Required work: Retype the data below exactly; skip every image.

Dataset content:
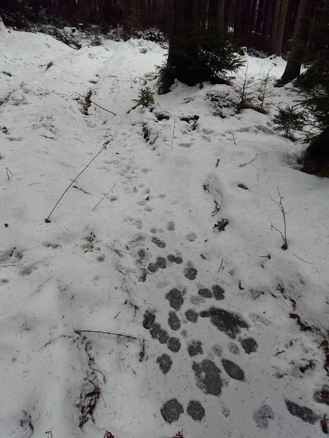 Z autobusu jsem vystoupil na své osvědčené zastávce a opravdu netrvalo dlouho a narazil jsem na vlčí stopní dráhy. Potěšení se chvílemi mísilo s obavami, zda narazím na důkaz, že jsou vlci víc než dva. Vlci totiž na sněhu rádi našlapují do stop jedince, který jde první, podobně jako lidé v závěji. Občas není lehké určit, kolik vlků sledujete, dokud se nerozdělí před stromem nebo balvanem, který třeba obejdou každý z jiné strany. Jenže to se nestalo během několika kilometrů, po které jsem stopy sledoval. Kapičky krve, které jsem ve stopě každou chvíli nacházel, ukazovaly na hárající vlčici. Nabízí se tedy vysvětlení, že rodičovský pár si v období páření „odskočil“ stranou. V podvečer jsem narazil v jistém údolí na další dvojici stop a pak ještě jednu dráhu zvířete, které šlo samo. Možná to bylo vlče, nebo dokonce vlčata. Při své další návštěvě jsem pak poblíž narazil na hotovou vlčí „dálnici“. S kamarádem, který pak místo navštívil se mnou, jsme už jen stěží dokázali uvěřit, že by vlků bylo méně než dva, ale stoprocentní důkaz chyběl. Na trochu výhodnější místa jsme přeinstalovali dvě fotopasti.
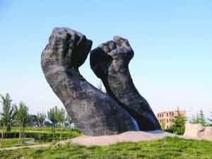陳雙全任市長(zhǎng)期間,銅川市內(nèi)的“雙拳”雕像。本報(bào)記者 楊繼斌 攝
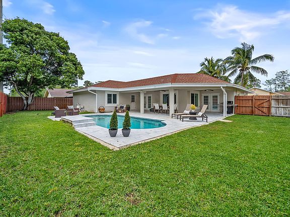 Spacious and well-maintained 4-bedroom, 2-bathroom pool home in the desirable Sugar Pond neighborhood, zoned for Binks Elementary School. This property features an updated kitchen with granite countertops and stainless steel appliances, beautifully renovated bathrooms, and ceramic tile floors throughout. Enjoy peace of mind with impact glass windows and a fully fenced backyard, perfect for privacy and outdoor fun. Additional updates include a totally upgraded backyard area with a gorgeous pool with complete privacy - a perfect outdoor oasis! Roof replacement in approximately 2013. No HOA and great Wellington schools!

Task result:
 Z autobusu jsem vystoupil na své osvědčené zastávce a opravdu netrvalo dlouho a narazil jsem na vlčí stopní dráhy. Potěšení se chvílemi mísilo s obavami, zda narazím na důkaz, že jsou vlci víc než dva. Vlci totiž na sněhu rádi našlapují do stop jedince, který jde první, podobně jako lidé v závěji. Občas není lehké určit, kolik vlků sledujete, dokud se nerozdělí před stromem nebo balvanem, který třeba obejdou každý z jiné strany. Jenže to se nestalo během několika kilometrů, po které jsem stopy sledoval. Kapičky krve, které jsem ve stopě každou chvíli nacházel, ukazovaly na hárající vlčici. Nabízí se tedy vysvětlení, že rodičovský pár si v období páření „odskočil“ stranou. V podvečer jsem narazil v jistém údolí na další dvojici stop a pak ještě jednu dráhu zvířete, které šlo samo. Možná to bylo vlče, nebo dokonce vlčata. Při své další návštěvě jsem pak poblíž narazil na hotovou vlčí „dálnici“. S kamarádem, který pak místo navštívil se mnou, jsme už jen stěží dokázali uvěřit, že by vlků bylo méně než dva, ale stoprocentní důkaz chyběl. Na trochu výhodnější místa jsme přeinstalovali dvě fotopasti.
陳雙全任市長(zhǎng)期間,銅川市內(nèi)的“雙拳”雕像。本報(bào)記者 楊繼斌 攝
 Spacious and well-maintained 4-bedroom, 2-bathroom pool home in the desirable Sugar Pond neighborhood, zoned for Binks Elementary School. This property features an updated kitchen with granite countertops and stainless steel appliances, beautifully renovated bathrooms, and ceramic tile floors throughout. Enjoy peace of mind with impact glass windows and a fully fenced backyard, perfect for privacy and outdoor fun. Additional updates include a totally upgraded backyard area with a gorgeous pool with complete privacy - a perfect outdoor oasis! Roof replacement in approximately 2013. No HOA and great Wellington schools!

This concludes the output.